● **Task instructions**
When you copy the data that follows, reproduce every word exactly and leave out the images.

● **The data**
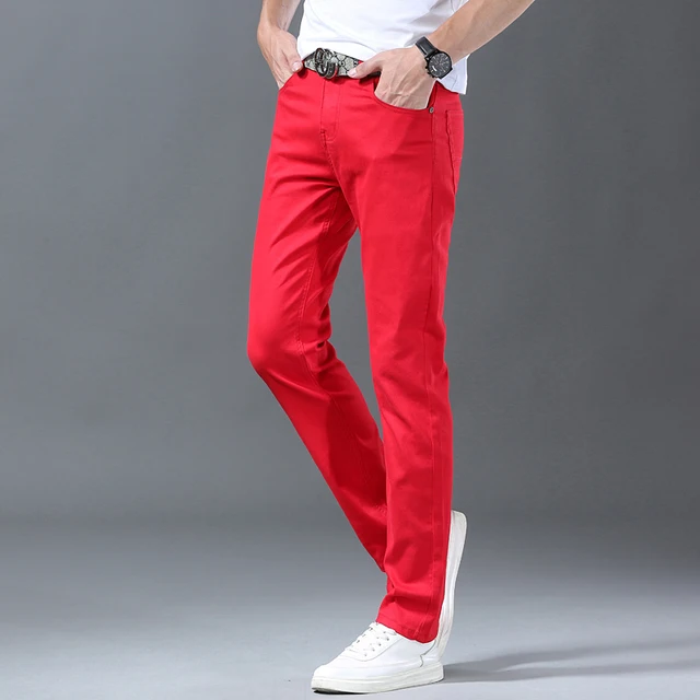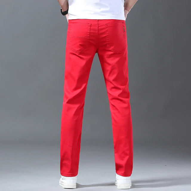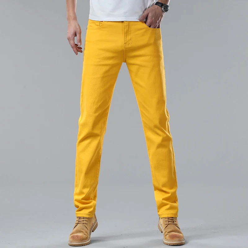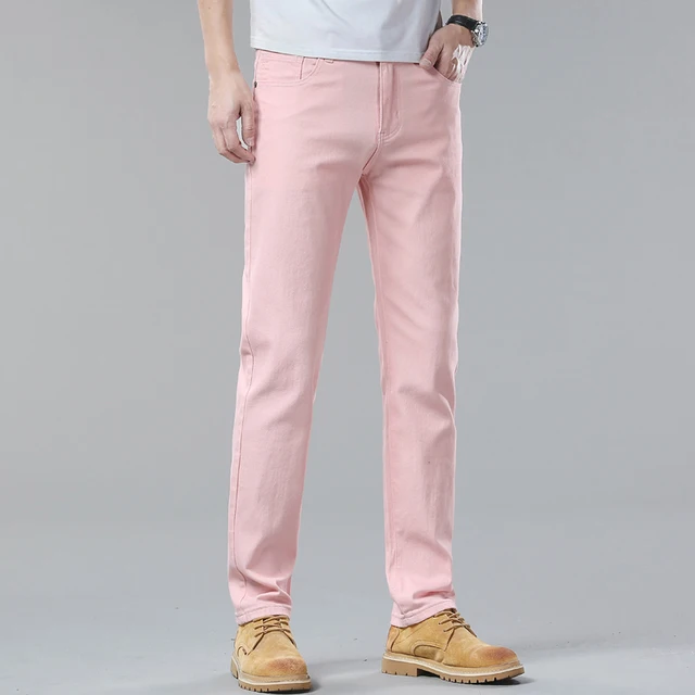2024 New White Jeans Men’s Trousers 98% Cotton Mid-waist Slim Pencil Pants Denim Pants Stretchy
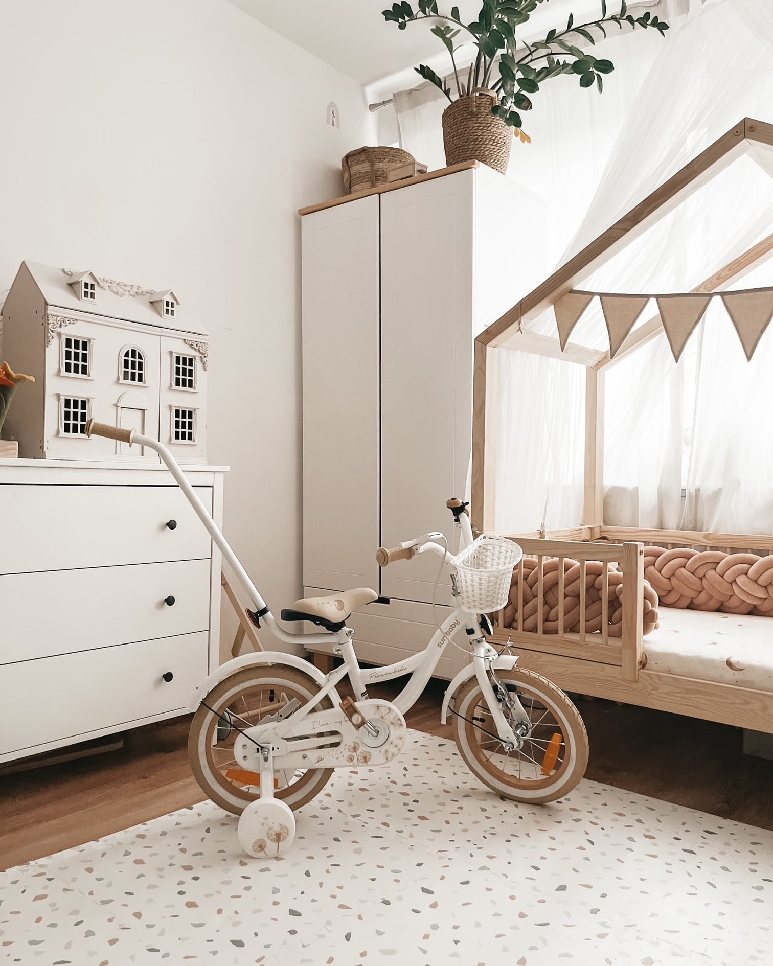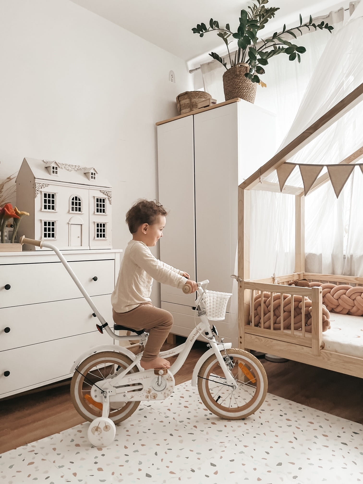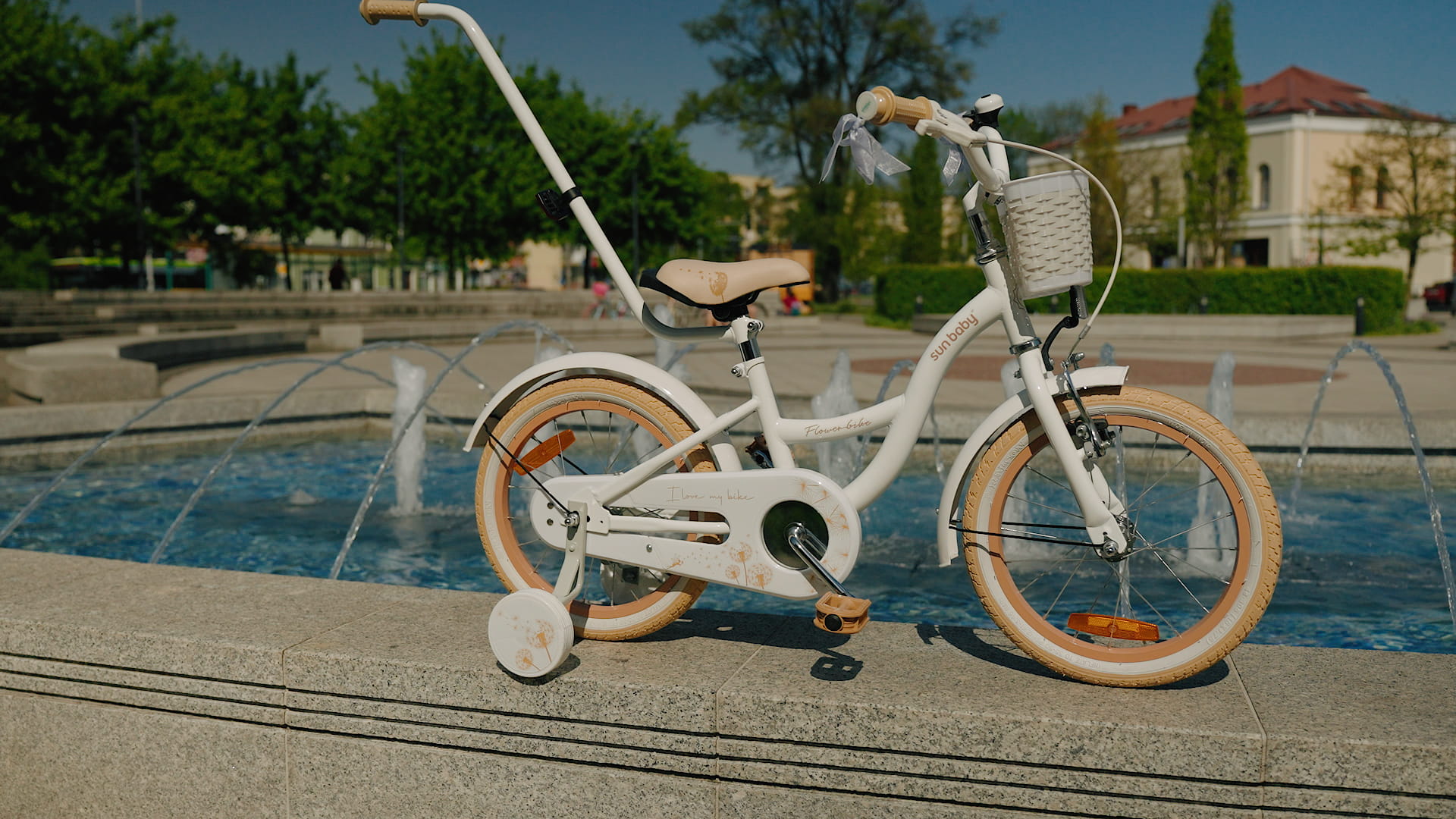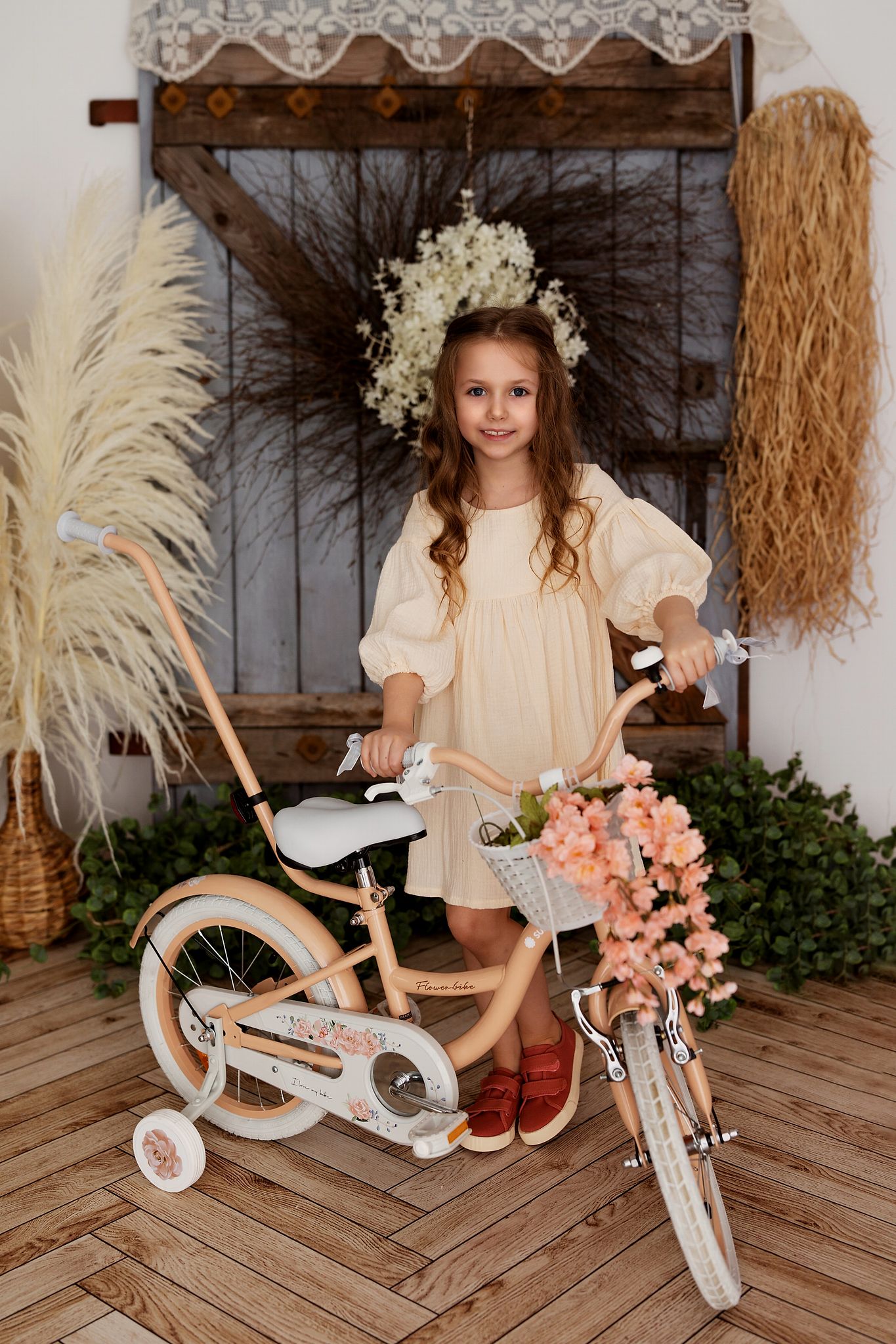 Stonowana kolorystyka i klasyczna linia ramy rowerka Flower Bike nadają mu wyjątkowy, ponadczasowy wygląd.
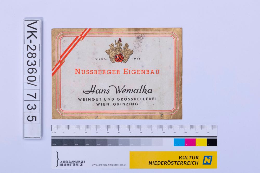 Abgelöstes Weinflaschenetikett aus einer Sammlung von den 1940er bis zu den frühen 1960er Jahren; Weinsorte: "NUSSBERGER EIGENBAU", Wappendarstellung; Weinbau, Kellerei bzw. Handel: Hans Wewalka WEINGUT UND GROSSKELLEREI WIEN GRINZING"
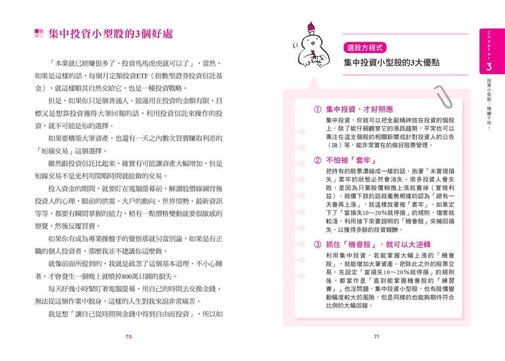 ‧本金10萬以下的小資,不要學人家分散風險和買基金,那是本金百萬以上才需要的。

● **Task response**
2024 New White Jeans Men’s Trousers 98% Cotton Mid-waist Slim Pencil Pants Denim Pants Stretchy
 Stonowana kolorystyka i klasyczna linia ramy rowerka Flower Bike nadają mu wyjątkowy, ponadczasowy wygląd.
 Abgelöstes Weinflaschenetikett aus einer Sammlung von den 1940er bis zu den frühen 1960er Jahren; Weinsorte: "NUSSBERGER EIGENBAU", Wappendarstellung; Weinbau, Kellerei bzw. Handel: Hans Wewalka WEINGUT UND GROSSKELLEREI WIEN GRINZING"
 ‧本金10萬以下的小資,不要學人家分散風險和買基金,那是本金百萬以上才需要的。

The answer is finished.